I think that not only did (customers) get less money coming out of MF Global, they also got more sensitive to (holding) excess funds, said Leslie Rosenthal, managing partner with Rosenthal Collins Group in Chicago.

The exact sums of excess collateral are not possible to quantify. The CFTC was not able to provide any historical data on excess collateral, and brokers declined to provide any specific estimates to Reuters.

Pete Loewen, Loewen and Associates a broker in the agriculture markets in Manhattan, Kansas, estimates that excess money kept at FCMs has been cut at least in half.

People manage their money much more closely, says Loewen, who now spends less time analyzing the market because he is busier arranging money transfers to meet margin calls because clients do not keep as much of a cushion of funds in their accounts.

To be sure, any change is likely to be more pronounced among the smaller farmers, ranchers and commodity funds that were MF Global's mainstay clients rather than the larger, corporate clients that tend to trade through the Wall Street banks that hold over 90 percent of all segregated funds.

Overall, the shift in segregated funds since MF Global was relatively slight.

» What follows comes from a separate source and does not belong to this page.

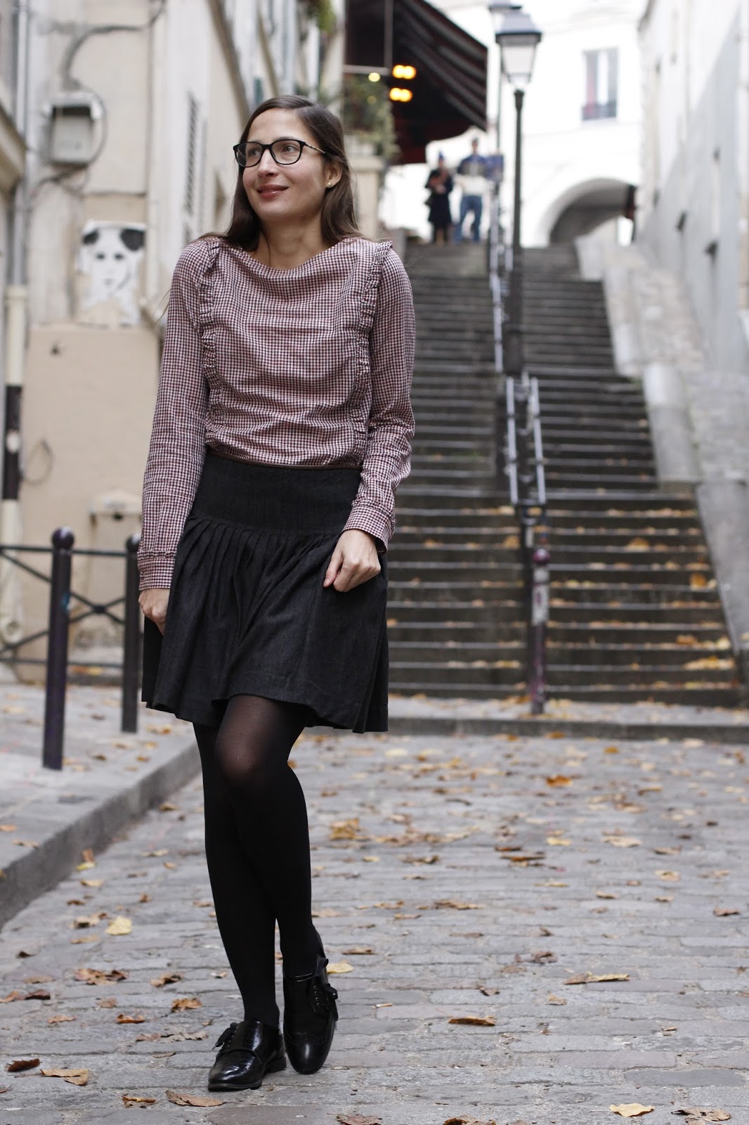 Et pour la jupe, encore une jupe plissée !! Et oui, rien à faire, je les aime trop! Mais, attendez, je n'en avais pas encore de grise alors j'avais le droit, non ?

Funds declined by $7.5 billion, or 4.9 percent, from end-October to end-December, a drop that was also likely affected by the frozen MF Global money, a decline in volatility and a reduction in futures trading volume.

BRIGHT SPOT FOR FCMs

There is no definitive trend among FCMs as to which customers tend to leave more or less excess collateral.

Four of the brokers that received bulk transfers of MF Global accounts after the brokerage failed -- Rosenthal Collins Group, PFGBEST, INTL FCStone and Penson Futures -- are currently holding 2.5 percent or less each in excess segregated funds. But so is Goldman Sachs.

And customers of ADM Investor Services have $48 million or 15.1 percent excess, according to the data.

For the moment, the extra sweeping of accounts is more a blessing than a curse. The shrinking pool of money that they hold also means they do not have to put up more of their own money -- some 8 percent -- to meet higher capital requirements.

The CFTC in 2009 revised its capital requirements, noting that in 1995 there were 255 FCMs, which in total were required to hold approximately $30 billion of segregated and secured amount funds for their customers.

By June 30, 2009, the total amount of those funds rose to around $175 billion, with half the number of FCMs holding the money, according to the CFTC.

FCMs have been also been forced to look elsewhere for yield as chronically low interest rates have reduced profits reaped from holding customer funds overnight.

But down the road, the trend could rob them of revenue.

There's no particular revenue downside but it frees up capital on our side, said Sean O'Connor, CEO of INTL FCStone. It would be different at higher interest rates of course as then we would be losing income earning assets.